──────── Data for this task ────────

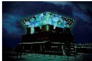
② 大さん橋ふ頭ビル
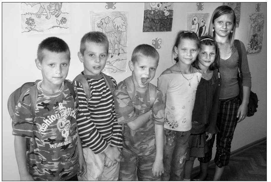
Organizacija „Vaiko vartai į mokslą“ nuoširdžiai dėkoja Lietuvių Fondui už ilgametę paramą. Nuotraukoje – „Šv. Jokūbo parapijos vaikų dienos centro“ lankytojai Jonavoje.
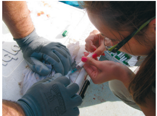
Rad na projektu Utjecaj imunostimulatora PDS 2865 na imunitet orade u akvakulturi

uzgajalištu tvrtke Dalmar d.o.o, na otoku Vrgadi u blizini Pakoštana.
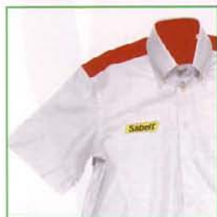
Z600CAM400 BIANCO-ROSSO / WHITE-RED
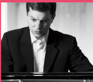
ティル・フェルナー (ピアノ) Till Fellner (Klavier)
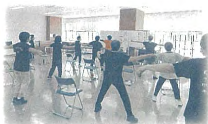
健康でいきいきとした生活を送れるよう介護予防教室などを開催しています。
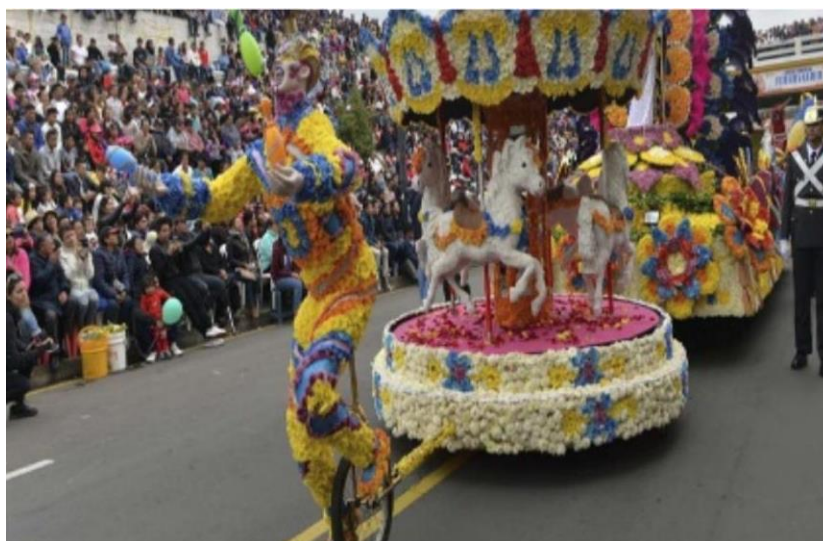
Figura 29. Carrusel de ilusión (Fiesta de las Frutas y de las Flores, 2017)

Sin embargo, con una mirada interpretativa más amplia, se advierte la alegoría que significa volver a soñar. Recordemos que el terremoto del 5 de agosto de 1949, representó una catástrofe de 6 mil fallecidos y 100 mil ambateños sin hogar, que no se había visto desde hace más de 250 años cuando otro terremoto causó la muerte de dos mil personas en un instante. Parte de la resiliencia del ambateño es la búsqueda de lo bueno que tiene la vida. Carrusel de ilusión precedido por un saltimbanqui muestra la alegría de saberse vivo, de poder reiniciar, de saber que a pesar de las adversidades existen un mañana que podría ser mejor. A la vez, la obra invita a valorar la imaginación infantil, ella toda inocente debe hacer frente a la orfandad, la calle y el sufrimiento físico, ¿cuál sería el dolor sin la capacidad de volver a emocionarse, de tener ilusiones y esperanzas?
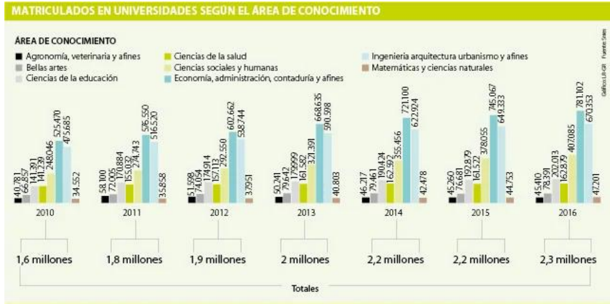
Gráfica 3. Relación de matriculados en universidades según área de conocimiento

Fuente: (Becerra, noviembre 15 de 2018).

────────

What is required: What is needed here is an exact copy of every record, with the pictures left out.

Response to this exercise:
② 大さん橋ふ頭ビル
Organizacija „Vaiko vartai į mokslą“ nuoširdžiai dėkoja Lietuvių Fondui už ilgametę paramą. Nuotraukoje – „Šv. Jokūbo parapijos vaikų dienos centro“ lankytojai Jonavoje.
Rad na projektu Utjecaj imunostimulatora PDS 2865 na imunitet orade u akvakulturi

uzgajalištu tvrtke Dalmar d.o.o, na otoku Vrgadi u blizini Pakoštana.
Z600CAM400 BIANCO-ROSSO / WHITE-RED
ティル・フェルナー (ピアノ) Till Fellner (Klavier)
健康でいきいきとした生活を送れるよう介護予防教室などを開催しています。
Figura 29. Carrusel de ilusión (Fiesta de las Frutas y de las Flores, 2017)

Sin embargo, con una mirada interpretativa más amplia, se advierte la alegoría que significa volver a soñar. Recordemos que el terremoto del 5 de agosto de 1949, representó una catástrofe de 6 mil fallecidos y 100 mil ambateños sin hogar, que no se había visto desde hace más de 250 años cuando otro terremoto causó la muerte de dos mil personas en un instante. Parte de la resiliencia del ambateño es la búsqueda de lo bueno que tiene la vida. Carrusel de ilusión precedido por un saltimbanqui muestra la alegría de saberse vivo, de poder reiniciar, de saber que a pesar de las adversidades existen un mañana que podría ser mejor. A la vez, la obra invita a valorar la imaginación infantil, ella toda inocente debe hacer frente a la orfandad, la calle y el sufrimiento físico, ¿cuál sería el dolor sin la capacidad de volver a emocionarse, de tener ilusiones y esperanzas?
Gráfica 3. Relación de matriculados en universidades según área de conocimiento

Fuente: (Becerra, noviembre 15 de 2018).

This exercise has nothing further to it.